MUSEUM DIRECTOR BOOTED
The Grand Rapids public museum has a new boss and a new future as an independent institution. The taxpayer subsidy from the City of Grand Rapids will be phased out in three years, and the museum will be completely on its own for funding. The city subsidy has already been declining over the past several years, so the museum already has experience in raising money from other sources.
Even so, the city is retiring Museum Director Timothy Chester at the ripe old age of 49 because of the City Commission's disappointment with his financial management of the institution. Chester will be giving up a salary of over ninety grand a year, but collecting his fifty thousand dollar annual pension should buoy his spirits. (Who knew failure could be so rewarding? Oh right.
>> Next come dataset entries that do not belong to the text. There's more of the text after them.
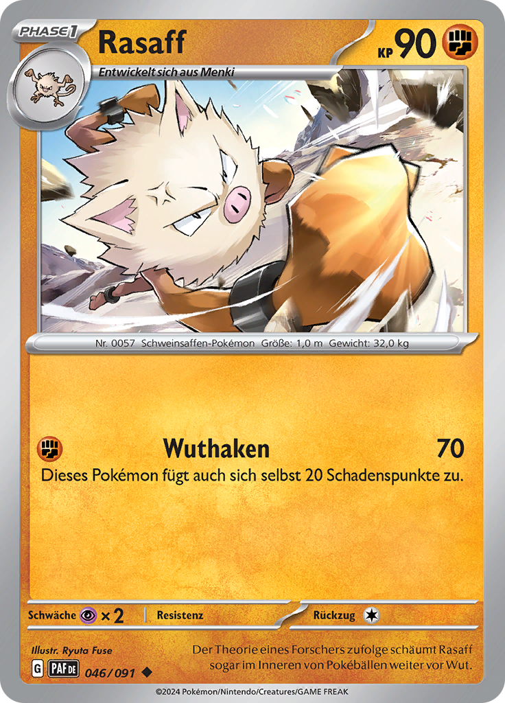 | Kaufen? | Kaufen Sie Ihre Rasaff Pokemon-Karte aus dem Paldeas Schicksale-Erweiterung. |
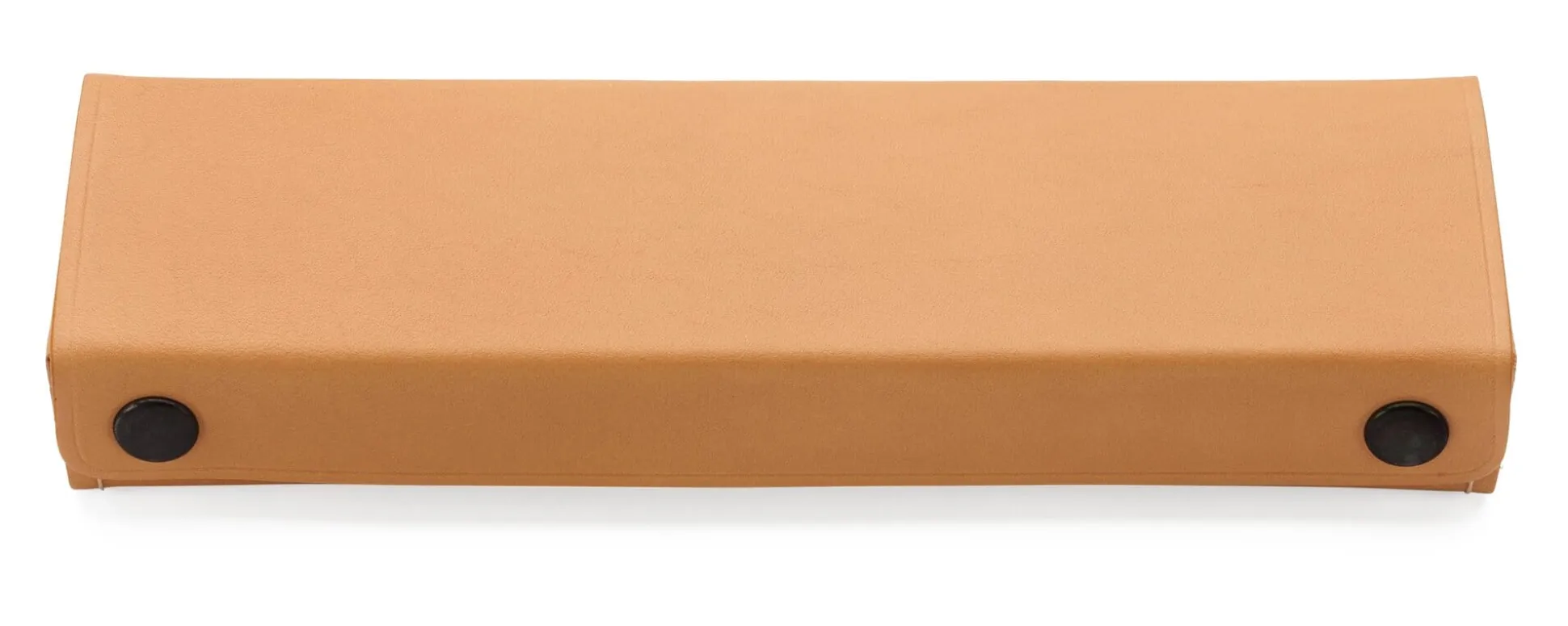 Ein kompaktes, formstabiles – und auch haptisch ausgesprochen angenehmes – Etui aus kräftigem Rindleder mit einer Stärke von 2 mm. Auf Reisen oder zu Hause ist es ein sicherer Aufbewahrungsort für empfindlichere Dinge wie Schmuck, Rasierutensilien, Kosmetikpinsel oder Kämme. Es eignet sich gleichermaßen für die kleine Reiseapotheke, Pipetten oder Pinzetten und hält, auch wenn es nicht unterwegs ist, Nähzeug, Stricknadeln oder Schreibgeräte und Pinsel vor. Das schlichte Etui ist in bester Sattlermanier mit Kantennaht gefertigt. Damit es dauerhaft seine Form und Stabilität behält, wird das ausgestanzte Leder nass in die endgültige Form gebracht, in der es dann von Hartholzklötzen gehalten wird, bis es getrocknet ist. Das Leder ist anfangs recht hell, dunkelt jedoch schnell nach und entwickelt im Laufe der Zeit die für Leder typische Patina. Am Etuirücken ist es mit der Manufactum Prägung versehen.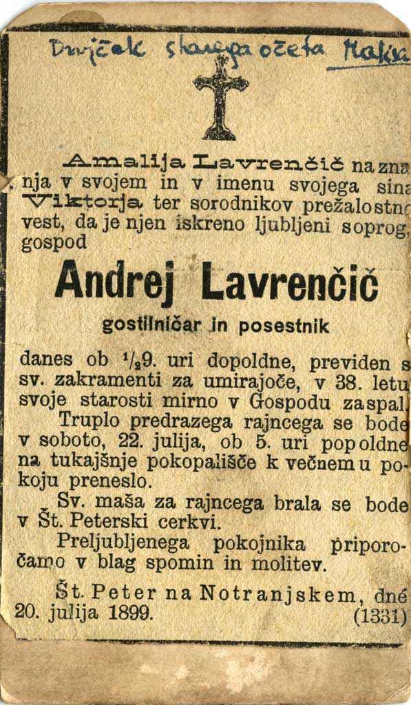 Iz časopisa izrezana osmrtnica, nalepljena na hrbtni strani fotografije, sporoča, kako mlad je moral umreti Andrej. Ni dopolnil niti osemintrideset let. Zapustil je ženo Amalijo in sina Viktorja.

Government work.) To lead the transition, the city has given Thomas Wesholski, a banker, a $50,000 contract to re-organize the museum as a non-profit corporation and put it on its path of independence.
All in all, this is a sensible move. I just wonder where the Van Andels are? After all, the museum is supposed to called the Van Andel Museum after their dear ol' departed dad. They claim to be sitting atop of their half of the mult-billion-dollar Amway fortune. Paying the museum's bills would be chump change for them -- only a sliver of just the interest throw off from such a huge pile of wealth. But just like the Van Andel Institute, they want the status of high-profile good works, but want someone else to pay for them.
There are only one of two explanations for their tight-fistedness. Either the Van Andels are misers, or the fortune doesn't exists. Whichever it is, they aren't being square with us when they pass the hat for the institutions named for their father.